Likewise, The Walt Disney Studios has experienced its share of blunders with PG-rated, live-action movies from its Disney banner that do not tie back to a certain property. Recent sports flicks like Million Dollar Arm and McFarland, USA flopped despite mostly positive reviews from critics. Tomorrowland – despite having a very loose tie-in to the theme park land of the same name – failed at the box office, too. Into the Woods and Muppets Most Wanted, both released in 2014 and having some branding due to these properties’ well-known characters, may not have bombed, but they underperformed. What is Disney to do then? All of these movies carried a more family friendly PG rating and connected back to themes Disney usually does well in (save for sci-fi). The answer is to rely even more greatly on the proven successful moves of animated fantasies to live-action adaptations: Maleficent and Cinderella.

Several dates on Disney’s forthcoming theatrical release schedule are slotted for films of this nature. Is the new Cruella de Vil project on there? Perhaps so. The frustration, as I have vocalized before, is that the rehashing of old ideas perpetuates.

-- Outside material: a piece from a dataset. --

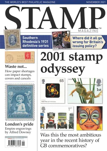 In our November issue we look back 20 years, to 2001, to reveal how Britain’s special stamp programme that year was among the most radical and innovative ever, with new design approaches and printing techniques coming thick and fast. We also investigate the dramatic affect of paper shortages on postal communication worldwide, with results which have affected the way letters are written, the way envelopes are used, the way stamps are printed and the way mail is cancelled. Amongst our regular features, Commonwealth Classics recalls the 1931 definitives of Southern Rhodesia, while Great Engravers celebrates the impact of Alfred Downey on stamps of the British Empire. The final instalment of our Black Magic series investigates why most Penny Blacks were rejected for postage if damaged, yet some got through. Our news pages explain why the British Indian Ocean Territory might now be a ‘dead country’, and we have full details of Royal Mail’s DC Collection set. Our comment pages contain plenty of reaction to the current way in which British stamp issues are conceived and marketed.
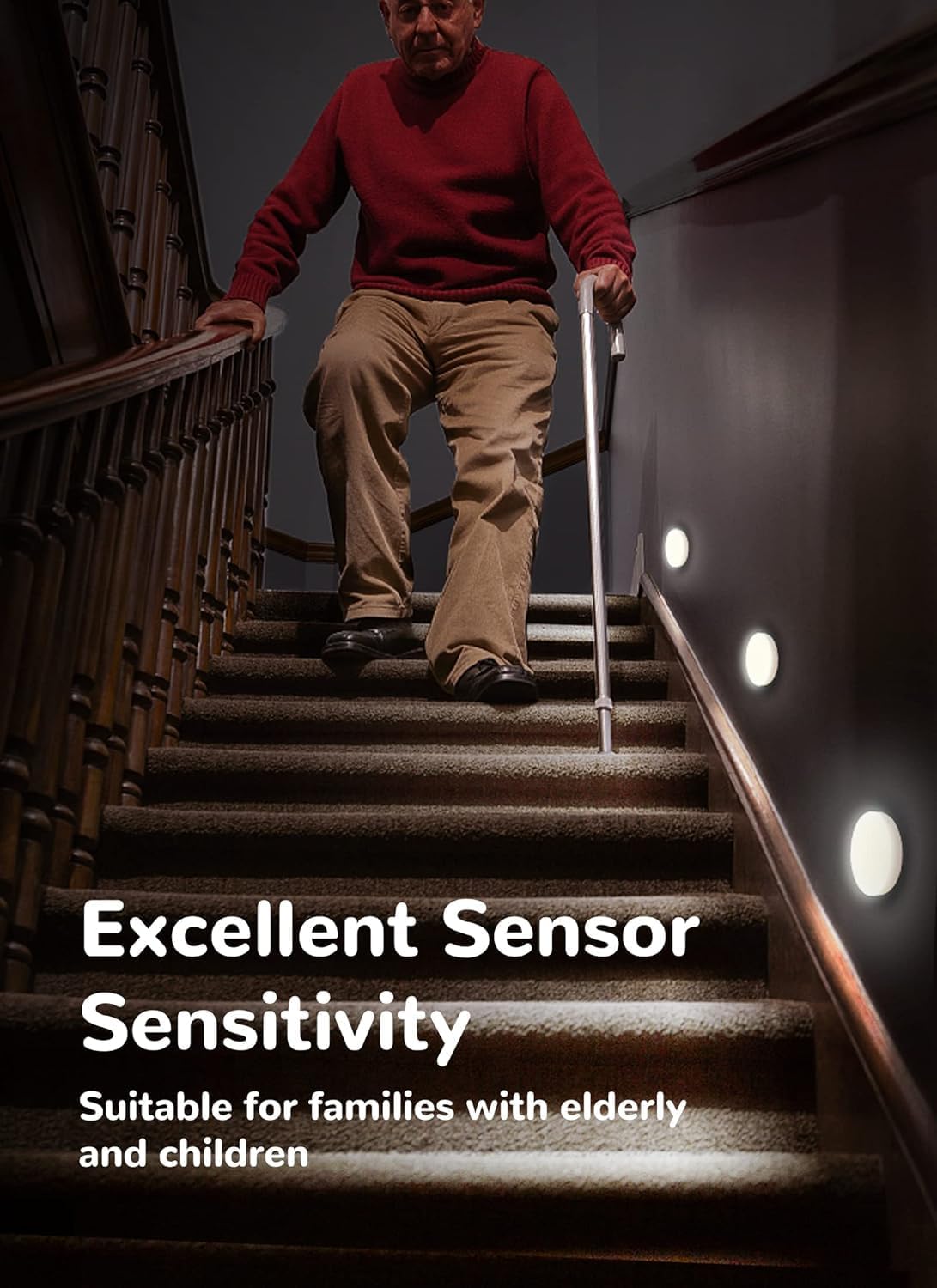 - 【Ideal for Parents】This motion sensor stair light can help prevent parents and many seniors from tripping when getting up at night, and are ideal for stairs, closets, bathrooms, corridors, wardrobe or under cabinets. They're also great for emergencies or portable lighting, like camping, thanks to their compact design

The more we support these projects and dismiss the original ones, the fewer variety of options we see in the movie marketplace.

By all means Disney should (and will) direct its production efforts to center around the movies that will generate profits in all types of settings (theatrically, home video, merchandise, theme parks, etc.). Yet that should not compromise the occasional offering that diverts away from the trend. The Finest Hours (as seen in the trailer below by the Disney Movie Trailers YouTube channel) is a fine movie indeed, but possibly one that should not have cost upwards of $80 million to make, as The New York Times wrote in a recent article.

If Disney knows these live-action products are more risky, the budgets should remain more conservative. Otherwise, the studio must not feel as concerned about taking a loss. Much like an individual’s stocks, the offerings should be diverse. Likewise, the same could be said of a studio’s film slate. There are checks and balances. Some can expect to overperform, while others may unexpectedly tank. Disney should sustain its current array of movies – even increase more of the “smaller films,” if it is possible to plug in an additional one each year – but act with more caution in budgeting too much for the gambles.